▶ **Input data**:
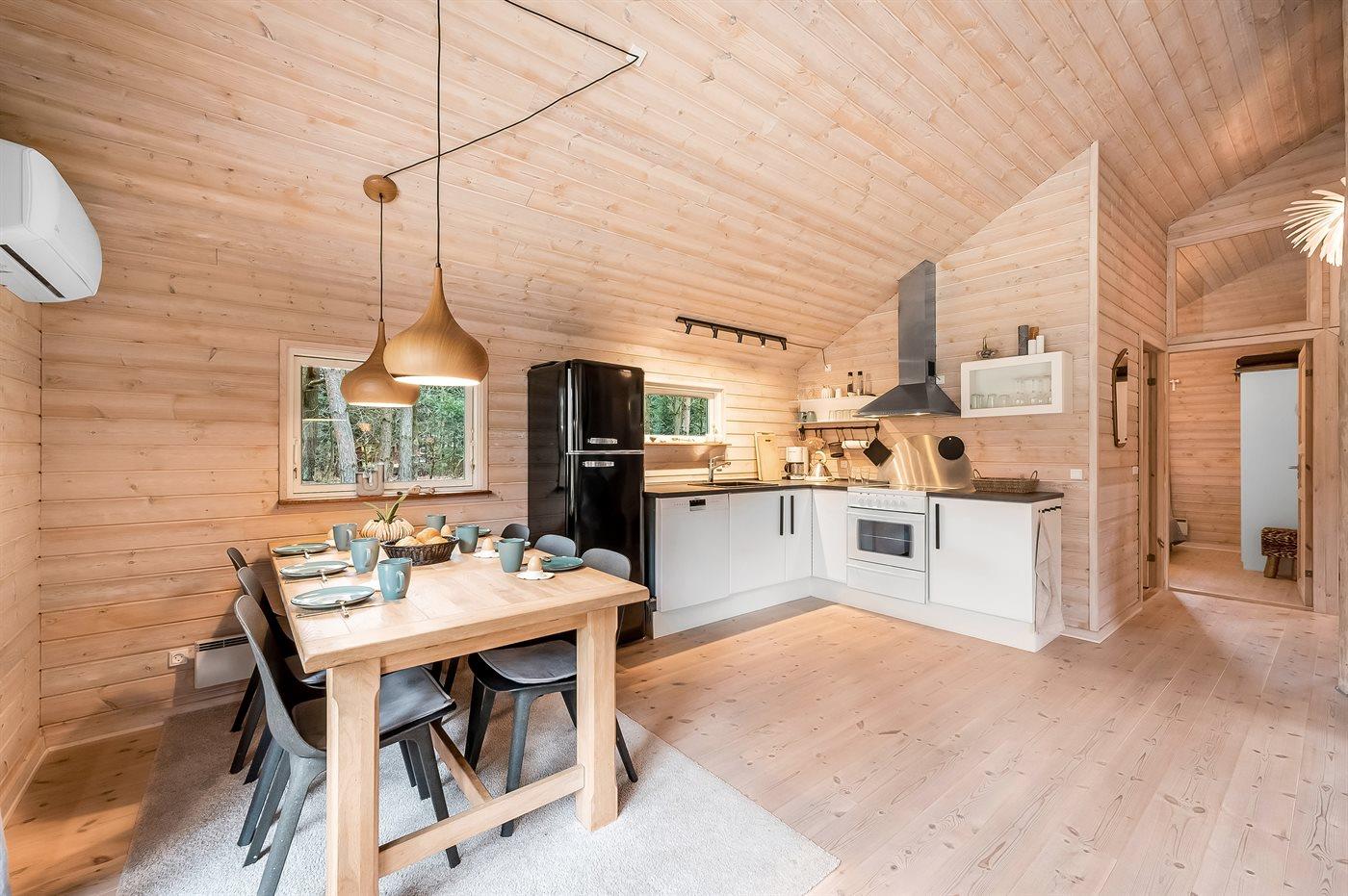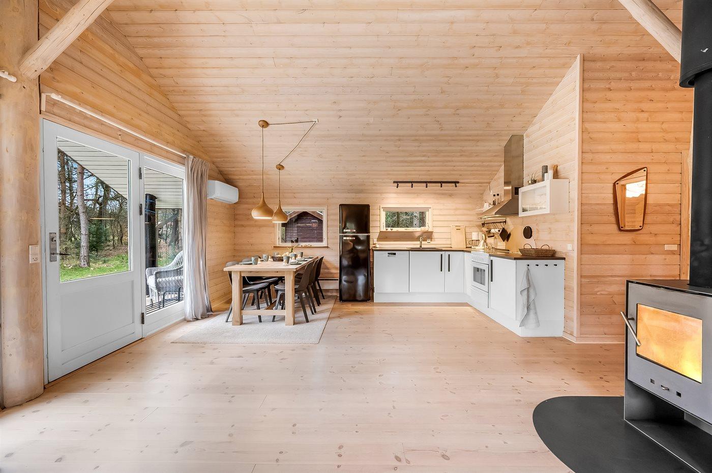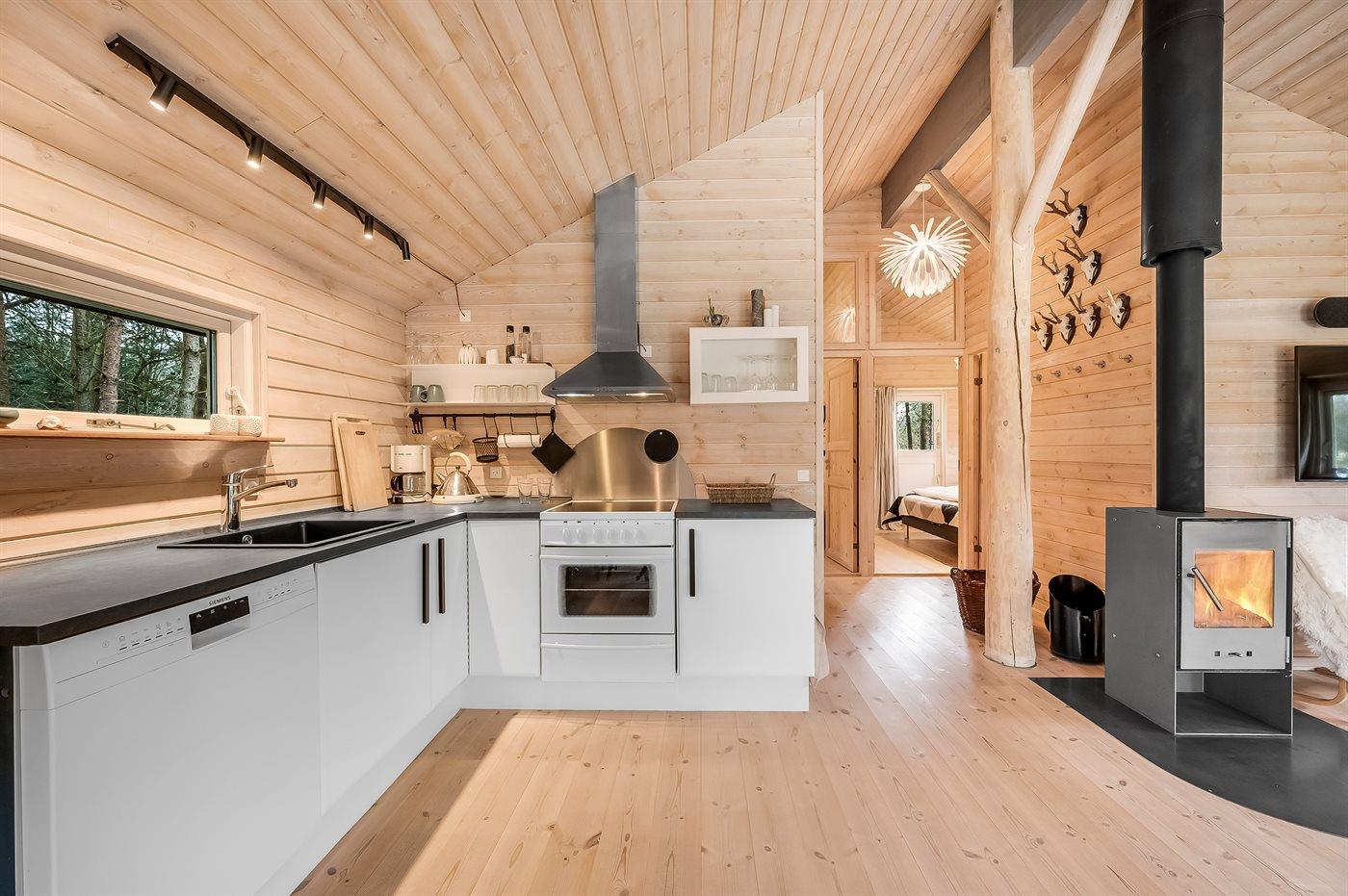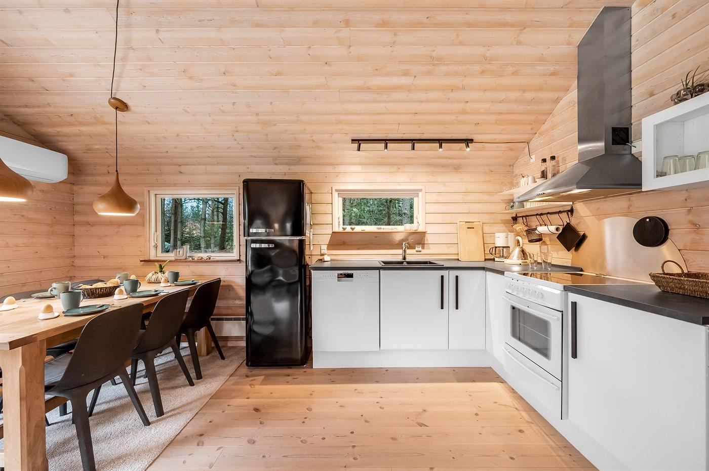 Køkkenet er udstyret med 1 køleskab. Der er 4 elkogeplader, varmluftovn samt opvaskemaskine.
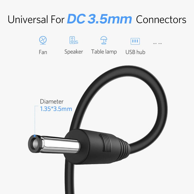 Wide Compatibility: With broad compatibility, this cable is ideal for speakers, hubs, lamps, fans, and other devices with a 3.5mm DC power input. Simplify your setup and power multiple gadgets with a single cable.
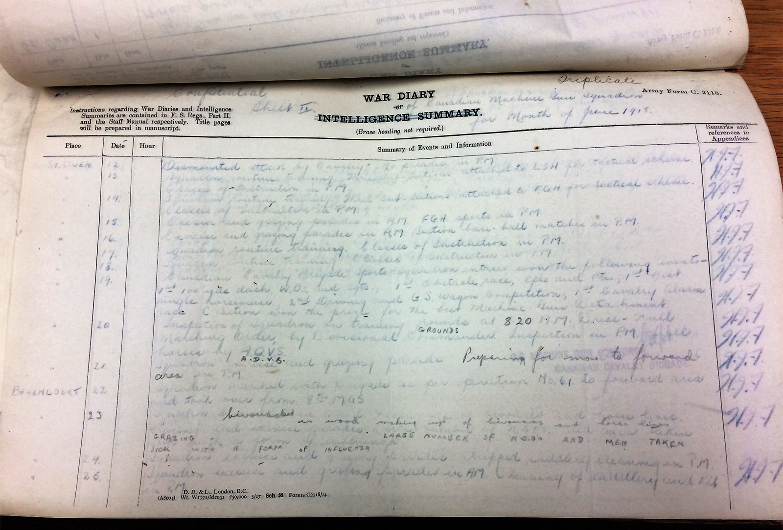 First Cavalry Machine Gun Squadron war diary, June 23, 1918, P8081/1.

▶ **Your task**: Exclude all images and retype the data precisely.

▶ **Answer**:
 Køkkenet er udstyret med 1 køleskab. Der er 4 elkogeplader, varmluftovn samt opvaskemaskine.
 Wide Compatibility: With broad compatibility, this cable is ideal for speakers, hubs, lamps, fans, and other devices with a 3.5mm DC power input. Simplify your setup and power multiple gadgets with a single cable.
 First Cavalry Machine Gun Squadron war diary, June 23, 1918, P8081/1.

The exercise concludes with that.